Now, a more complicated option (but one with some great long-term benefits) would be to consider a Charitable Remainder Trust. You'd deposit the properties into the trust - it's irrevocable so you can't get them back BUT they don't count as part of your estate anymore (especially useful if your estate will be over the $5.5 million threshold - for now anyway). The long and short of it is that the trust would sell the props and reinvest into other income producing assets, and you could draw income from the trust during your life, and then whatever remains when you pass would go to your chosen charity (or educational institution, they reeeeealllly push this on their wealthy alums, but I like the idea of funding a worthy charity, personally). But of course it's a little more complicated than that.

Since your current REI is still cash flowing nicely, you'd likely opt for a FLIP-CRUT trust, which starts out as Net Income Charitable Remainder Unitrust (NICRUT) and then turns into a standard Charitable Remainder Unitrust (CRUT). Basically, a FLIP funded with income-producing RE passes on net income (rents) initially and then, at a point that you specify when you create the trust, the trust will 'flip' to paying you a flat rate of income based on the trust's total value. Usually this trigger is the sale of the properties. The trust sells the properties, you pay no taxes because the properties don't 'belong' to you anymore, the trust pays no taxes because it's a charitable entity (this solves your current problem). The trust then reinvests the proceeds into other income-producing assets (bonds, funds etc). The value of the trust grows due to these earnings (subject to market risk, but not to real estate market risk anymore) and you draw a set amount each year (say 5-7% of the total value, you have to decide the amount when you create the trust). When you die, the remaining value of the trust passes to your charitable beneficiary.

Since the downside of this is that your heirs don't benefit from inheriting those properties, many people create a separate irrevocable life insurance trust (ILIT) to hold a life insurance policy purchased to benefit your heirs for the same value as the properties in the FLIP trust. You use the income from the FLIP to pay the premiums on the insurance policy, thereby taking the value from your properties and parlaying it into a tax-free benefit for your heirs (it's in a trust so it doesn't go through probate either). The remaining annual income is yours, and you don't have to pay the capital gains or depreciation recapture taxes on the sale of your real estate.
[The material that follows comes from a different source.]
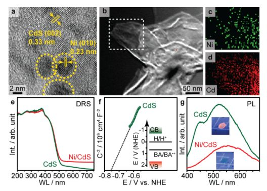 B. Ni納米簇修飾的超薄CdS納米片光催化劑(Ni/CdS)的制備和表征我們通過水熱法成功制備了厚度約為1.5 nm的超薄CdS納米片,接著通過原位光沉積的方式在CdS納米片表面沉積Ni納米簇。多種測試表明,Ni納米簇修飾并未改變CdS的微結構及能級結構,且能夠很大程度上降低CdS中光生載荷子的復合幾率(圖2)。▲Figure 2. Characterizations of photocatalysts. (a) HRTEM of the Ni/CdS photocatalyst. (b-d) HAADF and EDX elemental mapping images of the photocatalyst. The dashed square in (b) indicates the position of the EDX elemental mapping region. (e) UV-Vis DRS of CdS and Ni/CdS. (f) Mott-Schottky plot of ultrathin CdS NSs. The inset shows the estimated band structure of CdS and redox potential of amine. (g) PL spectra of CdS and Ni/CdS. The insets display the photographs of CdS (upper) and Ni/CdS (lower) under 420 nm illumination in glove-box.

Obviously, this is not a DIY process. And you could build an even bigger legacy by using the 1031 exchange first (maybe multiple times) to leapfrog into even more lucrative properties. However, in terms of an retirement-till-end-of-life strategy that provides consistent income for you, a legacy for your heirs, and a nice little tax deduction for that charitable contribution (did I mention you get to take a that deduction in the year you create the trust and carry it forward up to five years, if necessary, though present-value math applies, of course ;) - the CRT can be a hugely powerful tool. 

If you go this route you'll need some pros on your team - a Qualified Intermediary for 1031s, a tax man, and fiduciary financial planner to help with the ins and outs of the trust. And, of course, it's not free - you have to pay administration fees, find an independent trustee, etc. 

Again, if you stay in REI, I'd say just get a PM, regardless of your next/final strategy. If you put your rentals in a CRT, you can't self-manage them anyway since they are no longer 'yours'. You've already got some amazing value producing income, sounds like it's time to just make this investment a little more passive.

Mandatory Disclaimer: While I am, obviously, a big fan of this financial tool, I am NOT a financial professional and you should absolutely do your own due diligence, talk to fiduciary (super important) financial pros and assess this option in terms of your own personal financial situation and goals. We have worked with plenty of clients that use the 1031, CRT or 1031/CRT combo, but that doesn't necessarily mean it's right for you. BP is a great place to hear ideas and learn from other's experiences, but you've got to vet vet vet every strategy on your own.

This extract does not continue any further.